Quality of life remains a subjective ideal. Some of the cities that rank highest on annual lists of "10 best places to live" can easily rank low in the eyes of those seeking different amenities and priorities.

Yet the longing for a better quality of life is what prompts frazzled workers in crowded cities to dream of running an inn in Vermont. In recent years it is also what has driven more than a million Californians to pull up stakes and point their Cherokees and Land Rovers - the late-20th-century version of covered wagons - east to resettle in the "new frontier" of Idaho and Nevada, where they hope to trade fast-lane lives for simpler pleasures, friendlier people, and safer neighborhoods.

In scaling back, these "lifestyle migrants" exemplify a growing realization that energy-efficient living involves conserving time and personal energy as much as it involves preserving natural resources.

Downsizing, the reigning corporate philosophy of the past few years, can be cruel when it is decreed by someone else and results in the loss of a paycheck.
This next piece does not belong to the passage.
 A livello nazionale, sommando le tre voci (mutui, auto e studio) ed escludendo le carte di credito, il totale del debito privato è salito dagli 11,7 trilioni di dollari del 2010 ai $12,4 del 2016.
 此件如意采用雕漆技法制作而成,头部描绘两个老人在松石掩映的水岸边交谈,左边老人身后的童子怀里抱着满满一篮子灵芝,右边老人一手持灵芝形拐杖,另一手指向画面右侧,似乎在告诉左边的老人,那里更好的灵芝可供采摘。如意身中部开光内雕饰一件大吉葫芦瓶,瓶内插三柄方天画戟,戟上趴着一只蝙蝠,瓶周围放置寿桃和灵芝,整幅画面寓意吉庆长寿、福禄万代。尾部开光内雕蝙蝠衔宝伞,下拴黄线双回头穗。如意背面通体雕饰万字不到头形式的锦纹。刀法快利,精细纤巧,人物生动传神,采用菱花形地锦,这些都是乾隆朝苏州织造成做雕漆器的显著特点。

But when the transition is personal rather than professional - and totally voluntary - it can bring a satisfying new freedom.
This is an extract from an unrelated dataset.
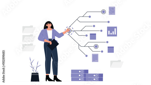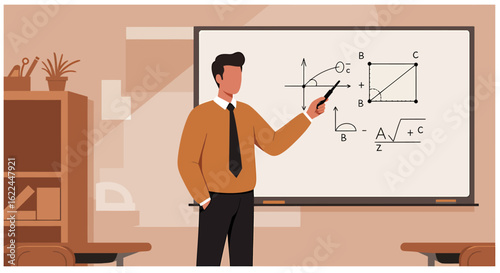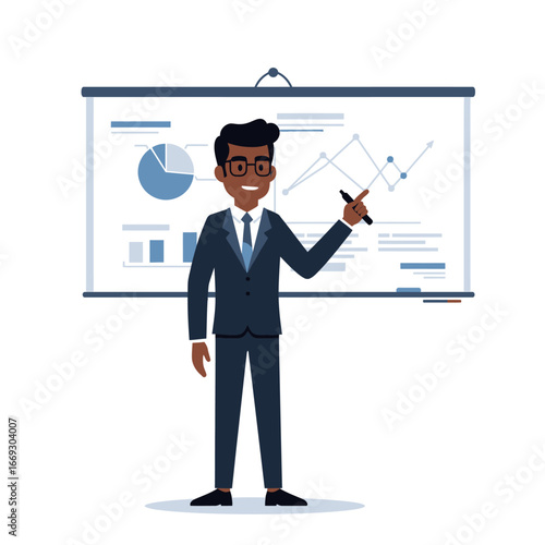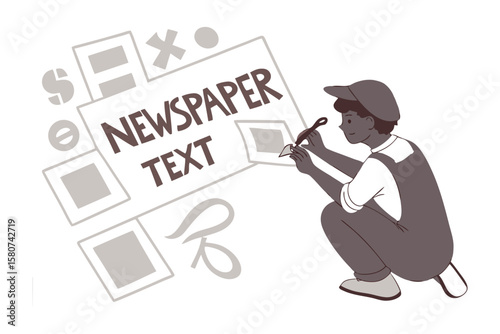 Vector illustration of fisherman catching fish while sitting on chair. Fisher with fishing rod flat style design element, icon isolated on white background.

A month before our neighbors packed up for exurbia, a colleague and his wife made a reverse move. Realizing that the two hours they spent commuting every day hardly counted as "quality time," they sold their four-bedroom house on a three-acre plot and moved to a two-bedroom high-rise in the city. They traded trees and grass and exurban tranquillity for the freedom and convenience of a short walk to work. Less hassle. More time. More control.

"Quality of life" makes a fine round phrase. It is an improvement on its predecessor, "standard of living" - a term that smelled of money, luxury cars, private schools, and elite addresses. Yet whenever the word "quality" lives up to its meaning, it has little to do with external conditions or material resources. If the real subject is a happy life, the fundamental needs tend to be loyal friends, a family in harmony, and work of interest that is worth doing.

In the scaled-back '90s, what used to be known simply as a good life may not always conform to traditional patterns of upward mobility. When trading up - "progress" - requires too many trade-offs in time and money and work, the refreshing new dictum may be: The moving van - like the buck - stops here.